5. Arbeitstempo und Arbeitsqualität

Die Leistungspflicht eines Arbeitnehmers orientiert sich an seiner Leistungsfähigkeit. Der Arbeitnehmer muss unter angemessener Ausschöpfung seiner persönlichen Leistungsfähigkeit arbeiten(BAG Urteil vom 11. 12. 2003 - 2 AZR 667/02)

Ob eine Leistung als Schlechtleistung anzusehen ist, beurteilt sich nach dem BAG nach den vertraglichen Vereinbarungen der Parteien. Sei die Arbeitsleistung im Vertrag, wie meistens, der Menge und der Qualität nach nicht oder nicht näher beschrieben, so richte sich der Inhalt des Leistungsversprechens zum einen nach dem vom Arbeitgeber durch Ausübung des Direktionsrechts festzulegenden Arbeitsinhalt und zum anderen nach dem persönlichen, subjektiven Leistungsvermögen des Arbeitnehmers. Der Arbeitnehmer müsse tun, was er soll, und zwar so gut, wie er könne. Die Leistungspflicht sei nicht starr, sondern dynamisch und orientiert sich an der Leistungsfähigkeit des Arbeitnehmers. Ein objektiver Maßstab sei nicht anzusetzen (BAG aaO, unter B.I.2b).

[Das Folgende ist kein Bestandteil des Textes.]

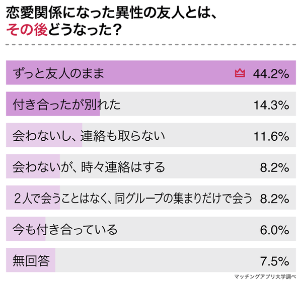 異性の友人となんらかの恋愛関係になった人に「その後の友人との関係」を聞いてみたところ、もっとも多かったのは「ずっと友人のまま」の44.2%で、次が「付き合ったが別れた」の14.3%でした。半数近くの人が友人として関係性を維持していることがわかります。

Der gegenteiligen Auffassung, der Arbeitnehmer schulde eine "objektive Normalleistung", folgt der Senat nicht. Die gegenteilige Auffassung berücksichtige nicht ausreichend, dass der Arbeitsvertrag als Dienstvertrag keine "Erfolgshaftung" des Arbeitnehmers kenne. Ein Dienstverpflichteter schuldet das "Wirken", nicht das "Werk" (BAG aaO, unter B.I.2b).

Die Folge einer individuellen und dynamischen Bestimmung der Leistungspflicht des Arbeitnehmers ist, dass eine Vertragsverletzung des Arbeitnehmers nur dann vorliegt, wenn die Minderleistung auf einer unzureichenden Ausschöpfung des eigenen Leistungsvermögens beruht (BAG unter B.II.2).